Pharmacokinetics in healthy human subjects are characterized by rapid oral absorption (median time to peak plasma concentration of 0.6 to 1.0 hours under fasting conditions), extensive plasma protein binding (approximately 96 percent), hepatic metabolism to saroglitazar sulfoxide and other metabolites, and a terminal elimination half-life of approximately 3 to 6 hours depending on sex and formulation. The compound does not accumulate on repeated once-daily dosing, and food does not meaningfully affect overall systemic exposure. The pharmacokinetic profile has been characterized in healthy volunteers, in patients with hepatic impairment (including cholestatic cirrhosis), and in patients with renal impairment.

The clinical evidence base spans multiple Phase 2 and Phase 3 programs. The PRESS series of trials (PRESS I through PRESS VIII) established efficacy in diabetic dyslipidemia and hypertriglyceridemia, demonstrating non-inferiority to fenofibrate for triglyceride reduction and superiority to pioglitazone for lipid parameter improvement. The EVIDENCES series of trials evaluated saroglitazar in non-alcoholic fatty liver disease (NAFLD) and NASH, with the EVIDENCES II Phase 3 trial in India demonstrating significant histological improvement at 52 weeks. A US-based Phase 2 trial (Gawrieh et al. 2021) in 106 patients with biopsy-proven NASH demonstrated significant improvement in NAFLD activity score, liver enzymes, and lipid parameters at 16 weeks.
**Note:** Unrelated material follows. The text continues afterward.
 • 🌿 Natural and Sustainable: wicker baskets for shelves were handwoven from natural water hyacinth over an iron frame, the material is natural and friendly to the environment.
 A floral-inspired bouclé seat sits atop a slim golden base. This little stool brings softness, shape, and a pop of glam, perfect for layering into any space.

In primary biliary cholangitis (PBC), the Phase 2 proof-of-concept study demonstrated a 49 to 51 percent reduction in alkaline phosphatase at 16 weeks in ursodeoxycholic acid-resistant or -intolerant patients, and the Phase IIb/III EPICS-III trial met its primary and secondary endpoints; regulatory submission to the United States Food and Drug Administration for this indication is anticipated in the first quarter of 2026. The compound has received orphan drug designation and Fast Track designation from the FDA for PBC.
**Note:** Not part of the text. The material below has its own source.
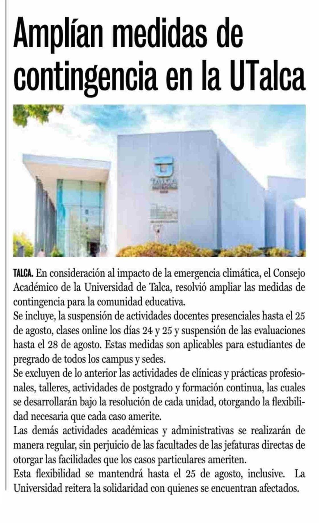 Amplían medidas de contingencia en la UTalca. Se menciona al Consejo de Académico.

Saroglitazar is well tolerated at the 4 mg clinical dose. The principal adverse events are mild gastrointestinal complaints (dyspepsia, gastritis), asthenia, and pyrexia, with no clinically significant effects on body weight, hepatic transaminases, renal function, creatine phosphokinase, or cardiac parameters at doses up to 128 mg in single-dose safety studies. The absence of the thiazolidinedione-class adverse events (peripheral edema, weight gain, bone fracture, bladder cancer signal) is attributed to the predominant PPARalpha and moderate PPARgamma pharmacological balance. This monograph reviews the chemistry, synthesis, and stereochemistry of saroglitazar; the dual-receptor pharmacology; the comprehensive human pharmacokinetic record; the clinical evidence base across diabetic dyslipidemia, NAFLD/NASH, PBC, and metabolic liver disease indications; reconstitution, sourcing, and handling considerations for laboratory work; stack-interaction implications; adverse-event and safety signals; and a comparative assessment of five alternative PPAR-targeting compounds against saroglitazar on five competency standards (novelty, effect size, promising potential, side-effect profile, and overall validation).